«Сделай что-нибудь», — беззвучно молит взгляд девушки.
В нем больше нет адигенской холодности, в нем только надежда.
И Помпилио кивает, так же, без слов, отвечая: «Сделаю».
Для тебя, мой загратийский цветок, всё, что угодно.
— Валентин! «Трех сестер» и патронташ! Базза — к штурвалу! Рулевой — приготовить «корзину» на сто метров вниз! Немедленно!
— Что ты задумал?
— Слишком опасно, мессер…
— Галилей потребует остановиться, и у вас будет время меня втянуть! Не подпускайте каракатицу на пушечный выстрел! Всё!
Помпилио выскакивает в коридор.
— Что он задумал? Базза! — Позабыв о детях, Лилиан подбегает к капитану и хватает его за рукав. — Что?
— Мессер прикроет нам пузо, — не глядя на девушку, цедит Дорофеев.
— В корзине?
— Да.
— Но…
— У нас нет другого выхода, адира. Самолеты могут повредить тяговые двигатели или сам кузель. Или астринг. — У капитана ходят желваки. — Если мессер их не отгонит, мы можем остаться здесь навсегда.

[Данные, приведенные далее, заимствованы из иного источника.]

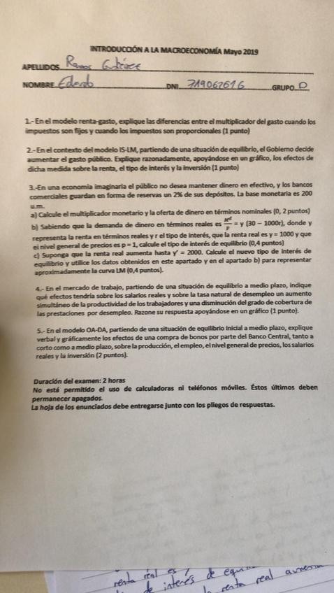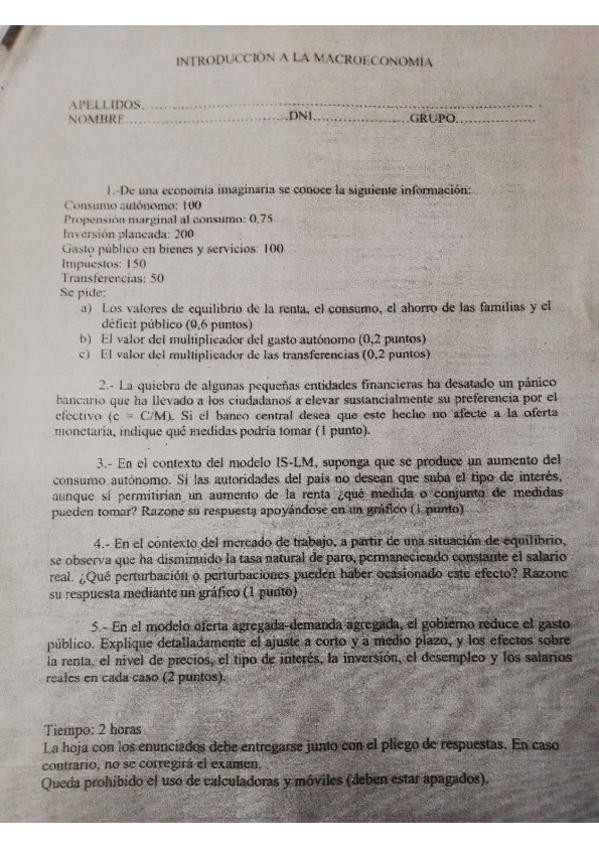 He publicado nuevos apuntes de 1º Introducción a la Macroeconomía: Ejemplo-Examen.pdf
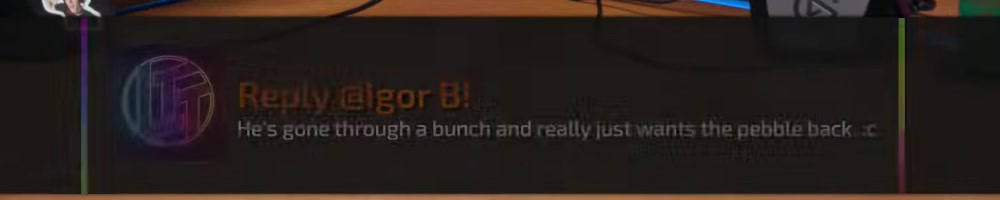 He's gone through a bunch and really just wants the pebble back c | Timestamp |  |

Мостик прошивает еще одна очередь.
— Пожар в третьем двигателе!
— Мерса! Не спать!
— А где третий?
— Бегом, придурок! Мы теряем скорость!
Рев Бедокура отбивает у Андреаса всякую охоту продолжать уточнения. Он подхватывает огнетушитель, на котором болтается свеженькая бирка: «Проверено. А. О. Мерса alh. d.», и выскакивает из машинного отделения.
Куда теперь?
— Где третий двигатель?
Нагруженный пулеметными лентами палубный на мгновение замедляет бег, машет куда-то вдаль, уточняет:
— Потом направо…
А в следующий миг уже скрывается из виду, патроны важнее слов.
«Потом направо…»
Мерса соображает, что нужную гондолу он определит по дыму и запаху гари, бежит, куда послали, сворачивает и видит на металлической двери большую цифру «3».
За которой бушует пожар.
Вздыхает, натягивает на лицо респиратор и…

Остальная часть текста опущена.